• The problem: Your answer should repeat exactly the lines from the one holding "Pièce à main" through the end of the data, and it should contain no pictures.
Top of Input material
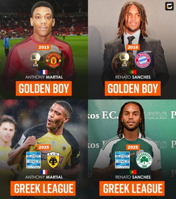 2015年金童奖马夏尔,效劳于希腊球队雅典AEK; 2016年金童奖桑谢斯,现效劳于希腊球队帕纳辛奈科斯......查看更多
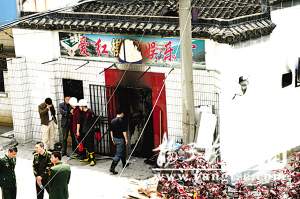 “愛紅棋牌室”西側(cè)緊挨古運(yùn)河,在一條名為“缺口河?xùn)|小街”的巷子的最里面。記者在現(xiàn)場(chǎng)看到,“愛紅棋牌室”東、南、北3面道路周圍都被警方用2至3道警戒線封鎖,大量警力在現(xiàn)場(chǎng)維持秩序。由于圍觀群眾太多,躍進(jìn)橋上的警戒線出現(xiàn)了多次被人潮擠斷的情況,民警及時(shí)進(jìn)行修復(fù)和更換。
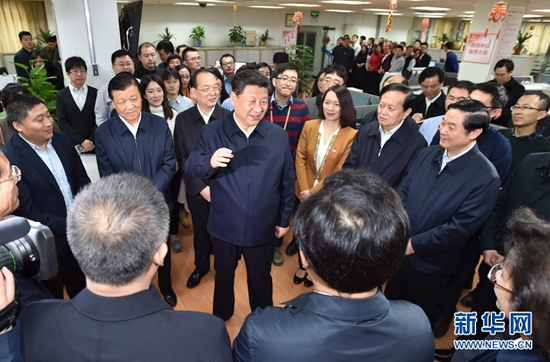 2月19日,中共中央总书记、国家主席、中央军委主席习近平在北京主持召开党的新闻舆论工作座谈会,并到中央新闻单位调研。这是习近平在新华社国内部同刚从河北正定县“走基层”回来的记者交谈。新华社记者 黄敬文 摄
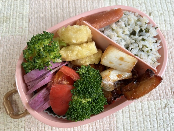 鶏の照り焼き、イカの天ぷら、わかめご飯
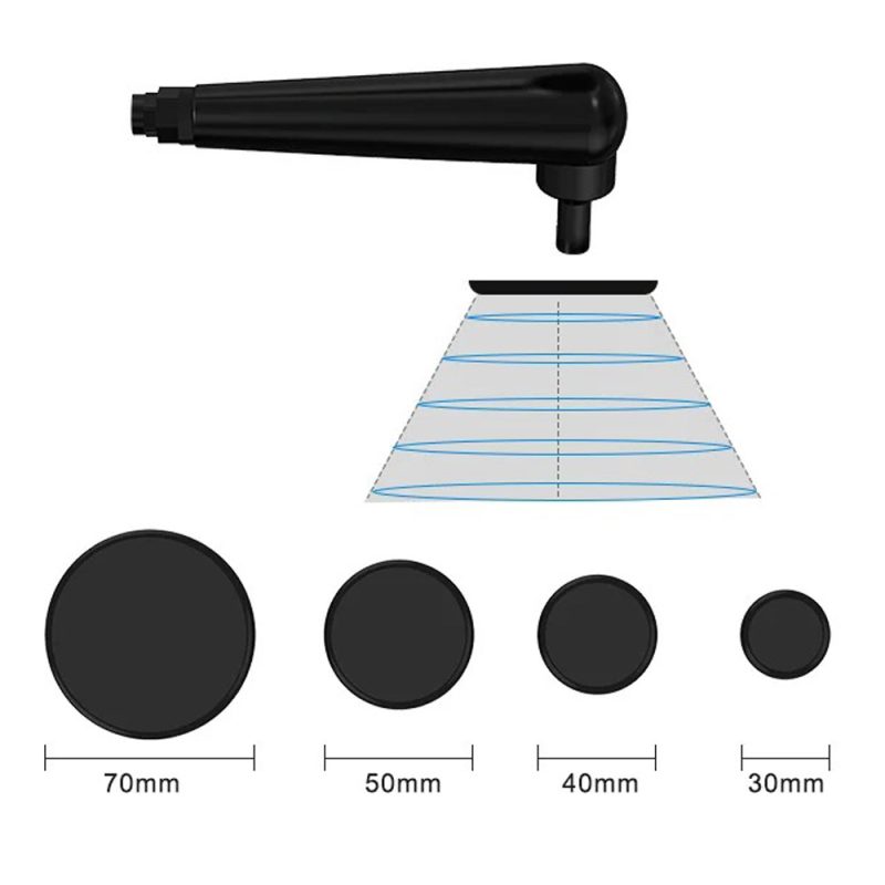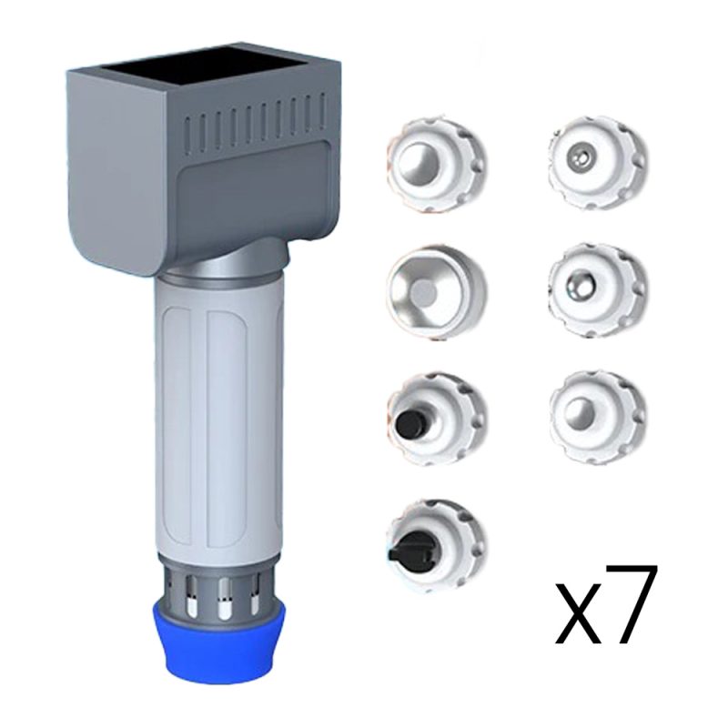 Pièce à main pour ondes de choc avec 7 embouts différents.
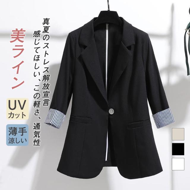 テーラードジャケット スーツジャケット レディース 夏 薄手 サマージャケット 一部即納 ショート丈 ビジネス 7分袖 涼しい 洗える きれいめ 美ライン
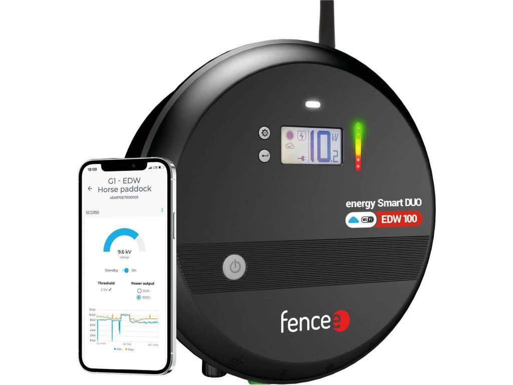 Generátor Smart DUO EDW s připojením přes Wi-Fi 2,4 GHz. Neomezené ovládání mobilním telefonem prostřednictvím aplikace fencee Cloud. 24/7 informace o aktuálním stavu ohradníku. Výkonný chytrý zdroj elektrického ohradníku (230 V/12 V), vhodný pro dlouhé a vegetací zatížené ohrady až 90 km dlouhé. Univerzálně použitelný pro všechna zvířata. LCD displej. Možnost přepínání výkonu. Optimalizovaná spotřeba energie.
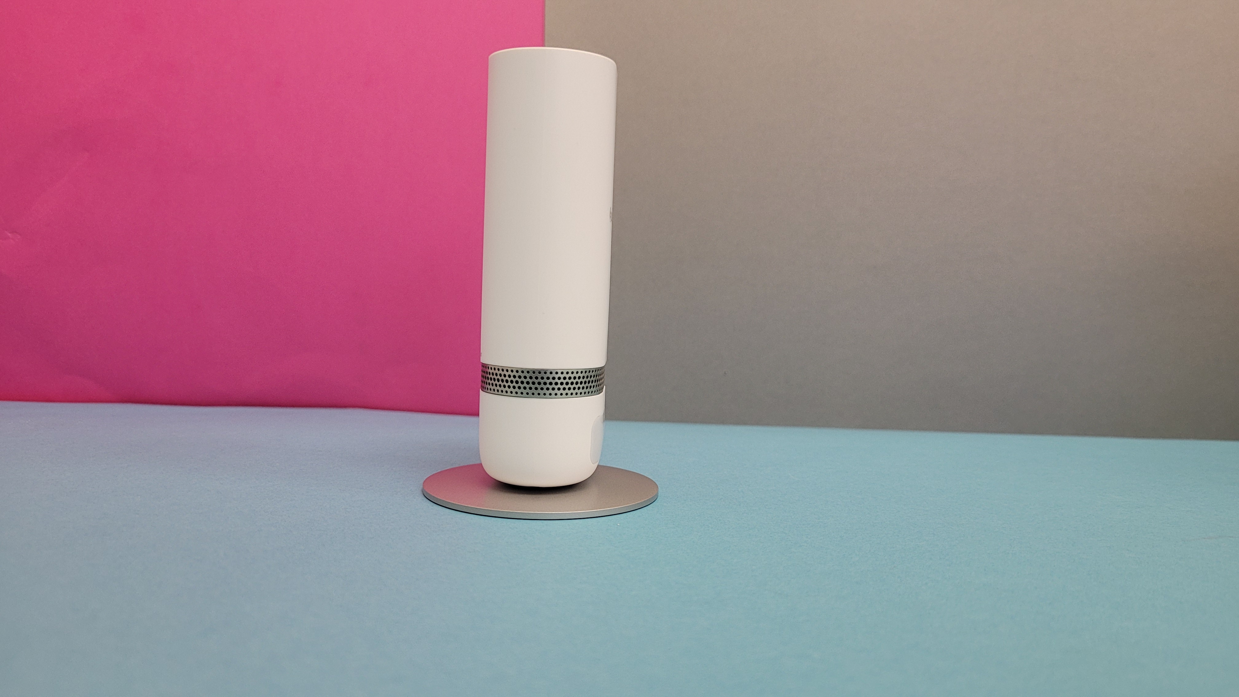 Über der Abdeckung des Bewegungsmelder verläuft um das Gehäuse ein in Silber lackiertes und mit runden Öffnungen versehenes Plastikband, hinter der sich ein Lautsprecher verbirgt. In Kombination mit einem integrierten Mikrofon stellt dieser auch die Gegensprechfunktion bereit. Man kann sich also mit Personen vor der Kamera unterhalten. Trotz der geringen Abmessungen des Lautsprechers sind Sprachansagen gut verständlich – auf beiden Seiten.
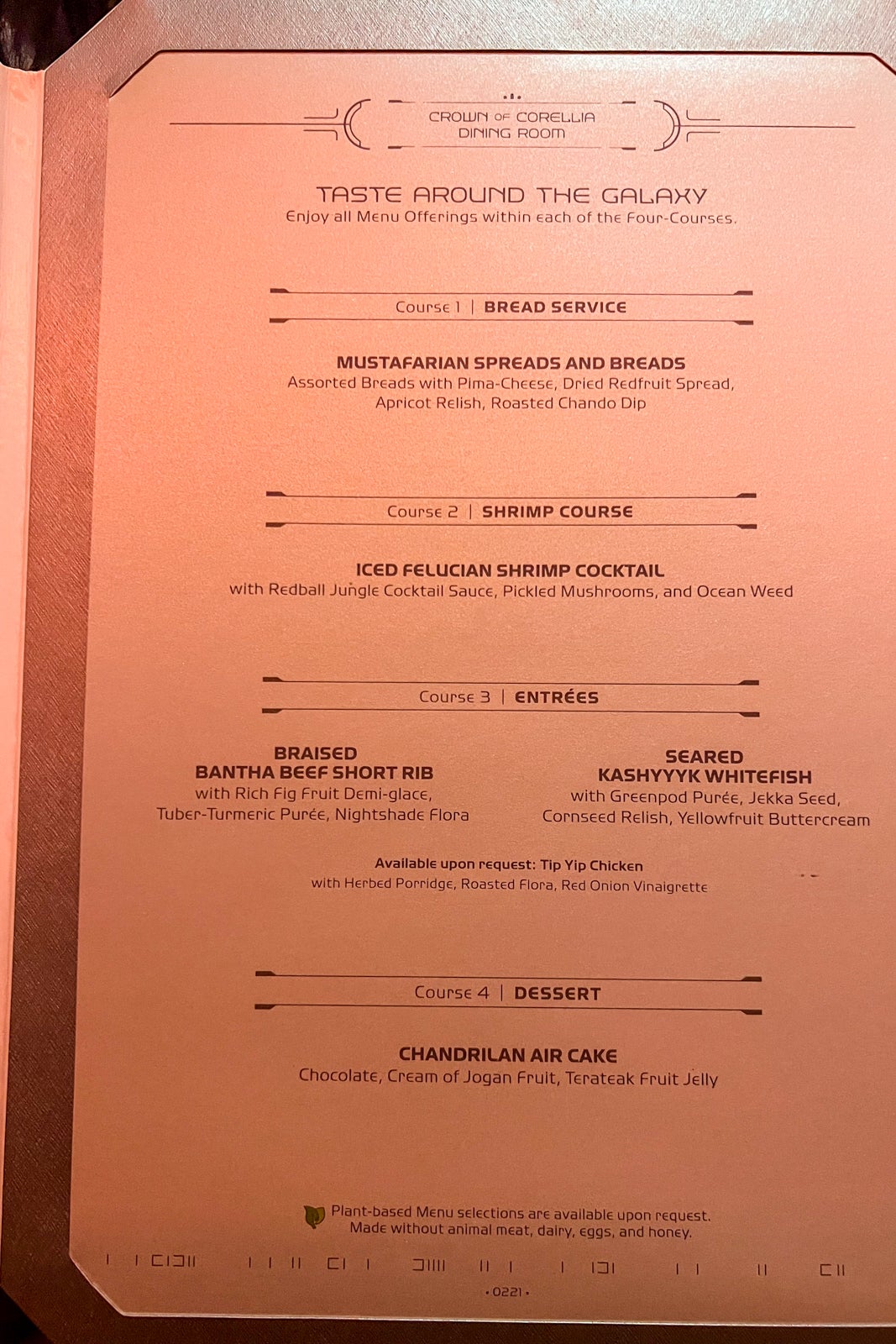 The food on the ship isn't bad, and at times it's quite inventive. From a flavor perspective, however, I generally prefer the included food on Batuu at Hollywood Studios. In other words: Don't be afraid to use your credits on lunch in Hollywood Studios.
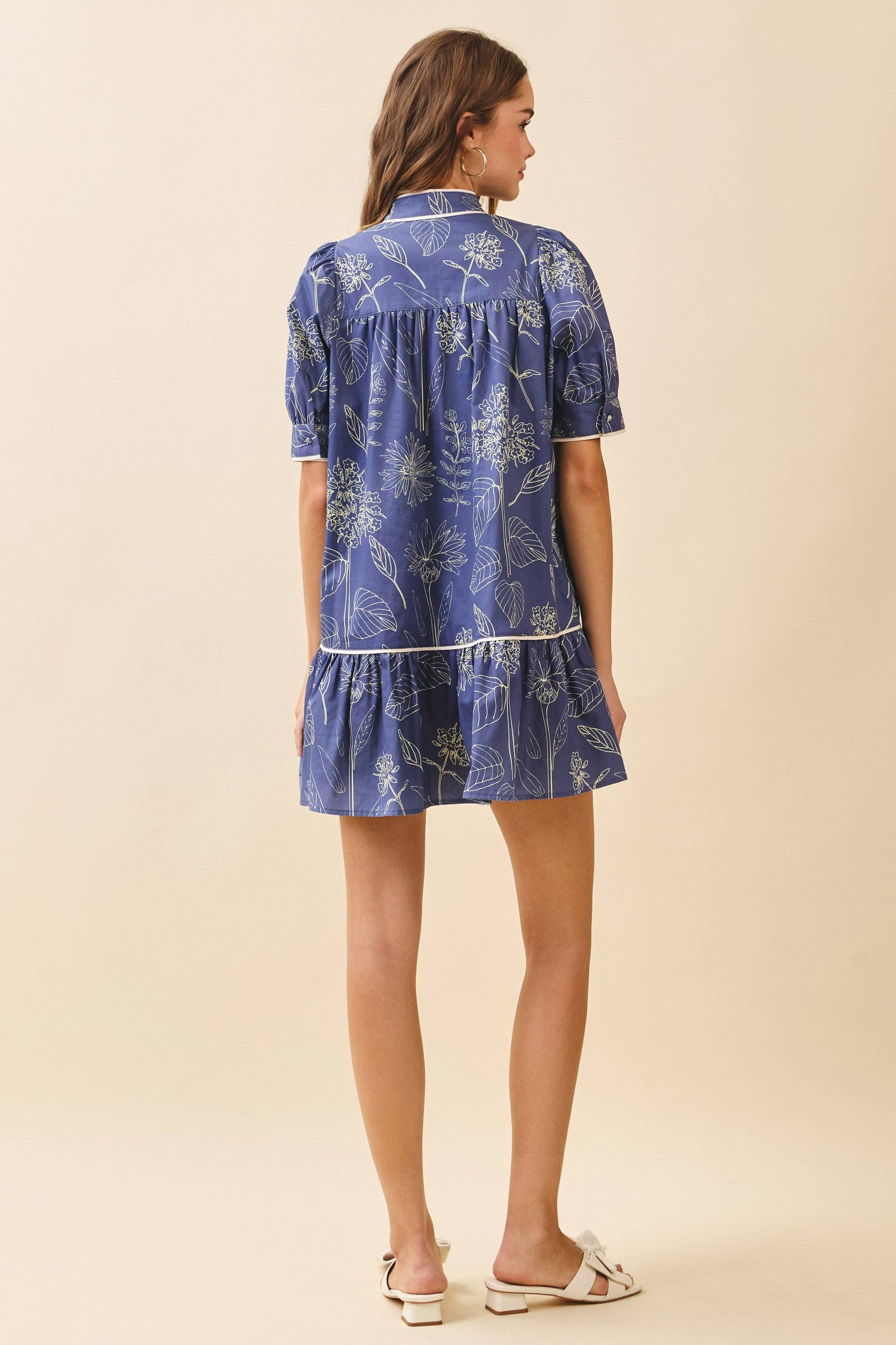 Floral print mini dress featuring a high band collar with front button placket and contrast piping trim. Designed with short puff sleeves, a relaxed shift silhouette, and a drop-waist ruffle hem for a playful finish.
Bottom of Input material
• Response to the task:
 Pièce à main pour ondes de choc avec 7 embouts différents.
 テーラードジャケット スーツジャケット レディース 夏 薄手 サマージャケット 一部即納 ショート丈 ビジネス 7分袖 涼しい 洗える きれいめ 美ライン
 Generátor Smart DUO EDW s připojením přes Wi-Fi 2,4 GHz. Neomezené ovládání mobilním telefonem prostřednictvím aplikace fencee Cloud. 24/7 informace o aktuálním stavu ohradníku. Výkonný chytrý zdroj elektrického ohradníku (230 V/12 V), vhodný pro dlouhé a vegetací zatížené ohrady až 90 km dlouhé. Univerzálně použitelný pro všechna zvířata. LCD displej. Možnost přepínání výkonu. Optimalizovaná spotřeba energie.
 Über der Abdeckung des Bewegungsmelder verläuft um das Gehäuse ein in Silber lackiertes und mit runden Öffnungen versehenes Plastikband, hinter der sich ein Lautsprecher verbirgt. In Kombination mit einem integrierten Mikrofon stellt dieser auch die Gegensprechfunktion bereit. Man kann sich also mit Personen vor der Kamera unterhalten. Trotz der geringen Abmessungen des Lautsprechers sind Sprachansagen gut verständlich – auf beiden Seiten.
 The food on the ship isn't bad, and at times it's quite inventive. From a flavor perspective, however, I generally prefer the included food on Batuu at Hollywood Studios. In other words: Don't be afraid to use your credits on lunch in Hollywood Studios.
 Floral print mini dress featuring a high band collar with front button placket and contrast piping trim. Designed with short puff sleeves, a relaxed shift silhouette, and a drop-waist ruffle hem for a playful finish.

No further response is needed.